The ACLU is reporting something that I’ve suspected.

According to the CIA public affairs office, Rizzo is still Acting General Counsel.

John Rizzo, the man who worked with both Jay Bybee and Steven Bradbury to pre-authorize torture, is still being paid by you and me to make sure that the CIA follows the law.

As the SASC report notes, Rizzo is the man who provided the list of torture techniques to Jay Bybee for inclusion in the memo–the key link in turning SERE techniques into torture.

According to Acting CIA General Counsel John Rizzo, the techniques that the OLC analyzed in the Second Bybee memo were provided by his office. In his testimony before the Senate Select Committee on Intelligence, Mr. Rizzo stated that his office was "the vehicle" for getting the interrogation practices analyzed in the Second Bybee memo to the Department of Justice.
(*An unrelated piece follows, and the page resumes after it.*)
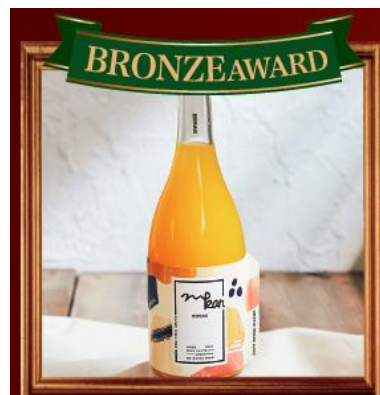
【MOURI FARM】 MOKAN 温州みかんジュース

段々畑が広がる、気候に恵まれた明浜で、個性豊かな生産者が育てたみかんの100%ストレートジュースです。

This suggests it’s likely that Rizzo knew that CIA was intending to do one thing with waterboarding but tempering the description of that in the OLC memo. Also, I outlined ways in which it appears the information Rizzo provided to OLC was, at a minimum, under dispute when it was given. In other words, Rizzo may well be the key person who manipulated the OLC process to legalize torture.

I’ve got a half-written post explaining why Rizzo must be included among those whose role we investigate going forward.  That’s all the more crucial given that Rizzo is still in a position of power in our government. 

Update: basic grammar corrected per pm.